Die Bf ist die Witwe nach dem am xx.xx.2017 verstorbenen Ehegatte-Bf. Dieser war Mitglied des Wohlfahrtsfonds der Ärztekammer für Niederösterreich (WFF) und Empfänger einer Versorgungsleistung. Er entrichtete an den Wohlfahrtsfonds entsprechende Pflichtbeiträge.

Die Bf erhielt im Jahr 2017 nach ihrem verstorbenen Ehemann folgende Leistungen aus dem Wohlfahrtsfonds der Ärztekammer für Niederösterreich:

Hinterbliebenenunterstützung gem. § 38 Abs. 1 lit a Satzung WFF € 5.516,61

Ablebensversicherung gem. § 38 Abs. 1 lit b Satzung WFF € 28.549,52

Bestattungsbeihilfe gem. § 37 Abs. 1 und 2 Satzung WFF € 4.000,00

Die Hinterbliebenenunterstützung und die Ablebensversicherung wurden der Bf mit Bescheid des Verwaltungsausschusses des Wohlfahrtsfonds der Ärztekammer NÖ vom antragsgemäß zugesprochen. Ein Zahlungsempfänger war vom Verstorbenen nicht namhaft gemacht worden.

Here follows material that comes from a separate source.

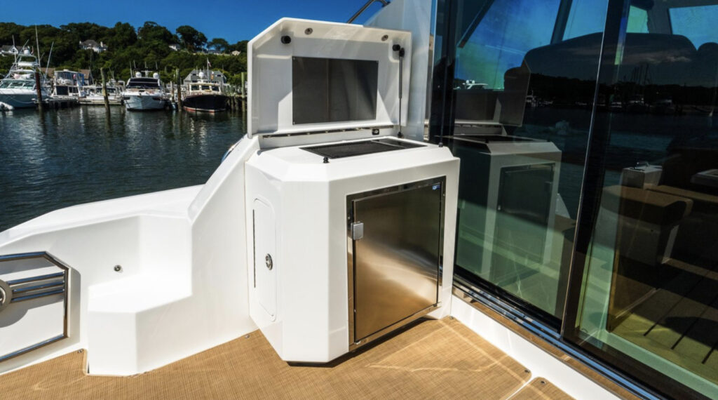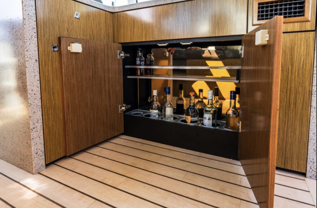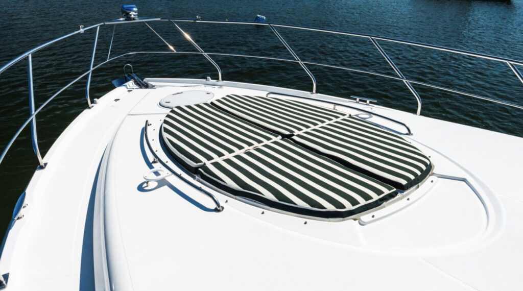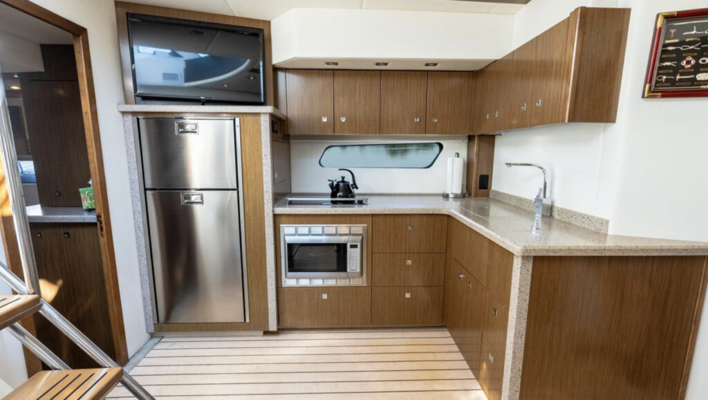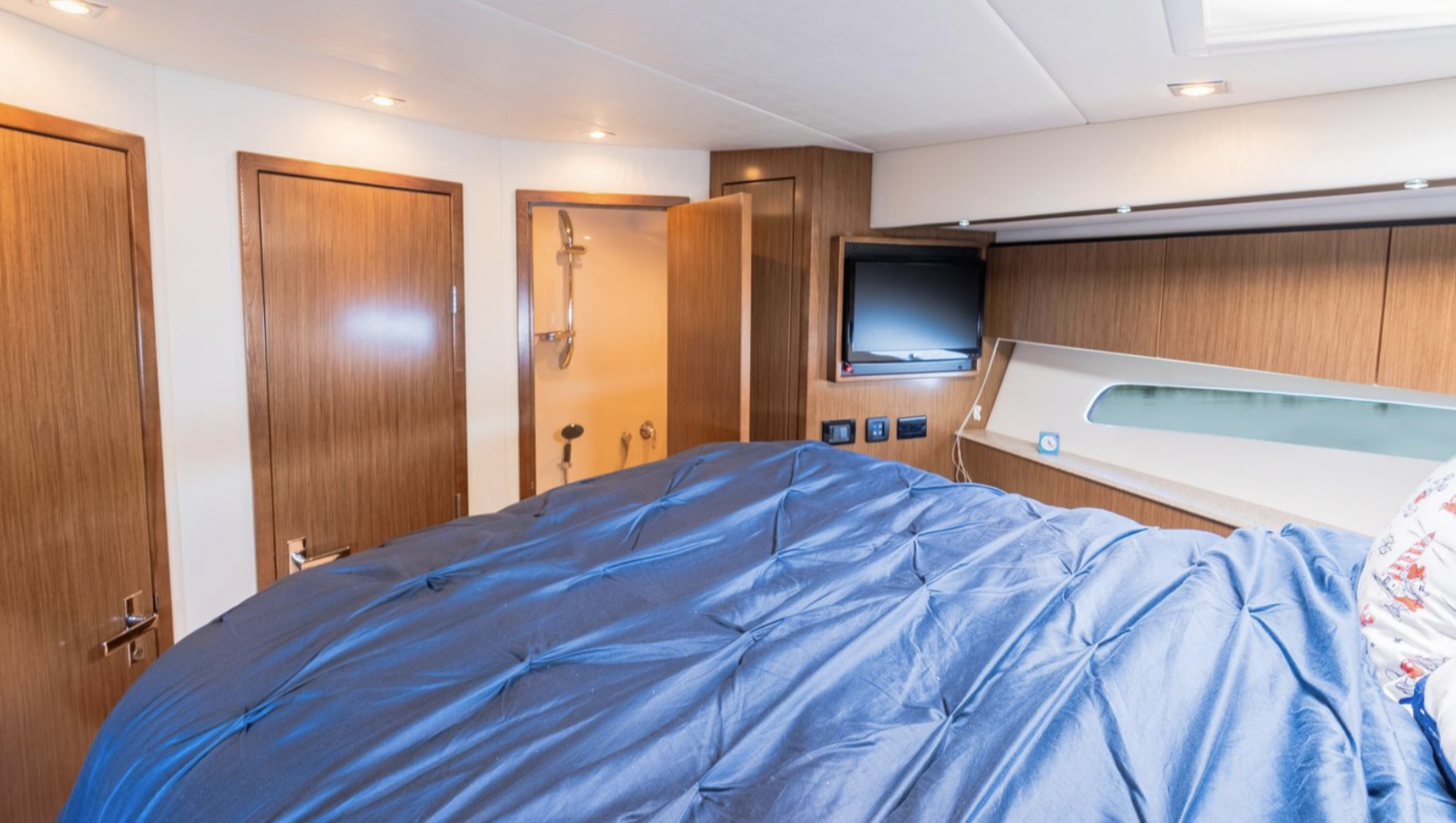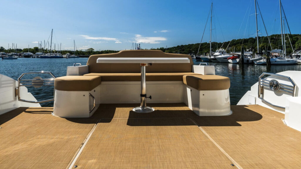 “Amolin” stands out as a prime example of the highly sought-after 48 Cantius model, featuring a distinctive wrapped hull over her original white, ensuring she catches every eye. She is fully equipped and ready for immediate cruising.
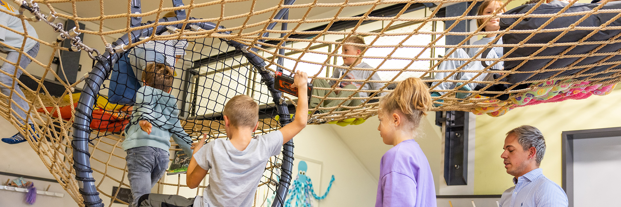 «Netzwelten» erweitern den Lernraum und eröffnen mit ihren spezifischen Material- und Formeigenschaften neue didaktische Möglichkeiten der Raumnutzung. Begehbare Netz-Lernlandschaften sind bequeme Sitz- oder Liegeflächen mit unterschiedlichen Neigungen und motivieren zu mehr Bewegung beim Lernen. Gleichzeitig wird durch die dritte Dimension der zur Verfügung stehende Luftraum und bislang unbeachtete Raumressourcen intelligent genutzt. Netzwelten ermöglichen paralleles Arbeiten auf zwei Ebenen und somit eine effiziente Raumnutzung.

Die Bestattungsbeihilfe wurde der Bf mit Bescheid des Verwaltungsausschusses des Wohlfahrtsfonds der Ärztekammer NÖ mit Bescheid vom antragsgemäß zugesprochen.

Beweiswürdigung

Der festgestellte Sachverhalt gründet sich auf die vorgelegten Verwaltungsakte sowie das Vorbringen der Bf und die von ihr vorgelegten Unterlagen und ist unstrittig.

Rechtliche Beurteilung

Gemäß § 4 Abs 4 Z 1 lit b EStG 1988 sind Pflichtbeiträge zu Versorgungs- und Unterstützungseinrichtungen der Kammern der selbständig Erwerbstätigen Betriebsausgaben, soweit diese Einrichtungen der Kranken-, Unfall-, Alters-, Invaliditäts- und Hinterbliebenenversorgung dienen.

Gemäß § 22 Z 4 EStG 1988 sind Bezüge und Vorteile aus Versorgungs- und Unterstützungseinrichtungen der Kammern der selbständig Erwerbstätigen, soweit sie nicht unter § 25 fallen, Einkünfte aus selbständiger Arbeit.

Entsprechend der Bestimmung des § 32 Z 2 EStG 1988 gehören zu den Einkünften im Sinne des § 2 Abs. 3 auch Einkünfte aus einer ehemaligen betrieblichen Tätigkeit im Sinne des § 2 Abs. 3 Z 1 bis 3 EStG, und zwar jeweils auch beim Rechtsnachfolger.

§ 37 der Satzung des Wohlfahrtsfonds lautet auszugsweise:

"(1) Beim Tode eines WFF-Mitgliedes oder Empfängers einer Alters- oder Invaliditätsversorgung gebührt über Antrag jener Person, welche die Kosten der Bestattung getragen hat, die Bestattungsbeihilfe.
(2) Die Bestattungsbeihilfe umfasst die tatsächlich angefallenen und nachgewiesenen Bestattungskosten, wird jedoch höchstens im Ausmaß von € 4.000,00 einmalig ausbezahlt. ….."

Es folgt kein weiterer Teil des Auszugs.